Месяц назад Гэнкаку закончил первую часть — беса. Затем он приступил к самой фигуре Комокутэна. И вот, когда статуя локапалы была почти закончена, начались странности. Дело в том, что каждый из четырех Небесных королей своей ногой попирает по одному бесу. И тот бес, которого должен был попирать локапала Запада, за несколько дней до полного завершения статуи — исчез.
— Исчез? — переспросил монаха Сэймей.
— Да, исчез.
Деревянная статуя от подставки до фигуры беса и вплоть до фигуры самого божества вырезается из ствола одного дерева. В статуе Комокутэна спина беса соединяется со ступней и ногой локапалы, попирающей эту самую спину. И вот — бес исчез. И следов того, что его кто-то вырезал долотом — нет. До полудня того дня, когда исчезновение обнаружилось, бес был на месте, где ему и положено, под ногой локапалы. Гэнкаку это точно знал.
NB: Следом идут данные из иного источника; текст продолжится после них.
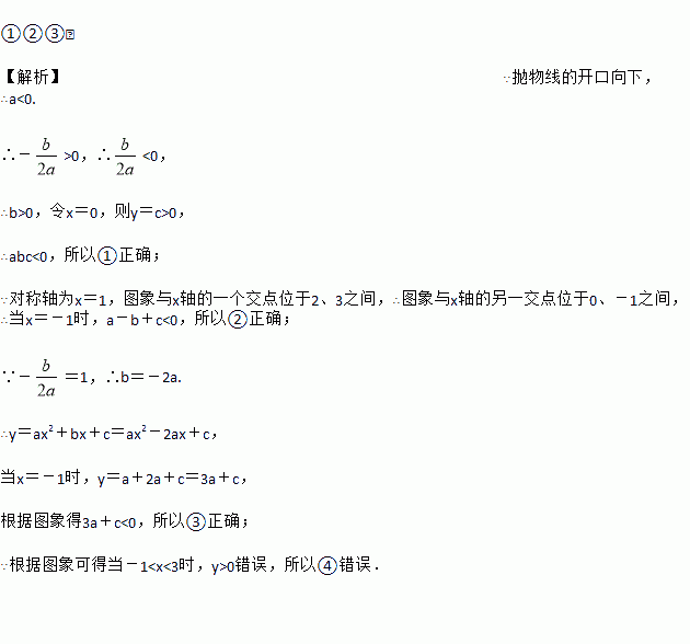 二次函数y=ax2+bx+c(a,b,c是常数,a≠0)图象的对称轴是直线x=1,其图象的一部分如图所示,对于下列说法:①abc<0;②a﹣b+c<0;③3a+c<0;④当﹣1<x<3时,y>0.其中正确的是______(把正确说法的序号都填上)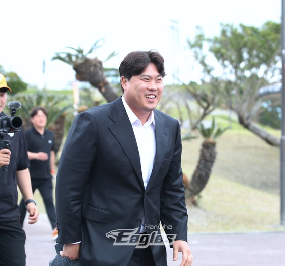 최원호 감독의 미소가 번졌다. 드디어 한화 이글스 선수단에 합류한 류현진(37)이 일본 오키나와 전지훈련지에 합류해 불펜피칭까지 소화했다.

А ночью, встав по малой нужде, Гэнкаку вдруг нестерпимо захотелось посмотреть на статую Комокутэна. Ведь двух летний труд его подходил к завершению, как никак. Справив нужду, монах взял лучину и зашел в мастерскую. И там он обнаружил, что беса — нет.
Но на следующее утро бес был, вот он, на месте, под ногой локапалы. Решив, что увиденное вчера ночью — сон, Гэнкаку продолжил работу как обычно. Вечером он работу закончил, но вчерашнее происшествие не давало монаху покоя. Гэнкаку прошептал себе под нос:
— Ладно, закончу статую сегодня ночью. — Статуя Комокутэна уже была почти готова, завтра, а если немного поднажать и поработать сегодня ночью, то работу можно закончить за ночь.
Так Гэнкаку и решил. Поужинав, он подготовил лучин для освещения и пришел в мастерскую.
— И снова беса не было! Исчез.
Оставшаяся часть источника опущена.